Virtual Humanity

Simon Wright

NextGen video collaboration kit can connect us like never before

Virtual Humanity

Talk tech today and it’s not long before you’re talking human behaviour too. 

The post-pandemic shift to a hybrid working model means we are all doing things differently.  

We have been forced to grow used to virtual communication, remote working, and the lack of physical interaction. 

Today, as the world slowly unlocks, how will business return to normal? 

We know that the nature of work has changed forever and that you can now work anytime and anywhere.  

And, with hybrid working, the physical HQ has been replaced with a virtual one.  

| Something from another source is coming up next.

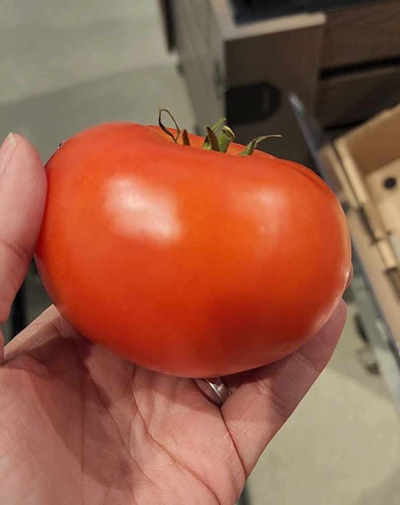 Isn’t this a pretty tomato? I’m not even a fan of tomatoes! I like them made in to ketchup . . and spaghetti sauce . . and a few other things. But, I don’t eat a slab of them in my sandwich or big pieces of them in my . . anything.

That means video is a key requirement for teams to collaborate.  

In short, if it isn’t at the centre of your entire strategy (whether supplier OR end user), you need to re-think, and fast.  

“A year ago, everything changed,” says Aurangzeb Khan, Senior Vice President of Intelligent Vision Systems at global unified audio and video vendor, Jabra.  

“We were all sent home from our workplaces and instructed to do our business virtually. It was a miracle that the world was able to keep going. Being able to physically see each other and observe body language and respond…that is surely what makes us human.   

“We are now slowly returning to our offices, but meetings will never be the same. Virtual interaction will now always be a hugely important part of our lives and the main way in which the world does business. Video is key.”  

Khan sees the critical importance of video and is expert in guiding organisations in its strategic design, procurement and integration. 

He’s all about “pixel real estate” – the extent to which participants in a video conferencing call occupy the screen, and therefore contribute effectively (or not) to the conversation. 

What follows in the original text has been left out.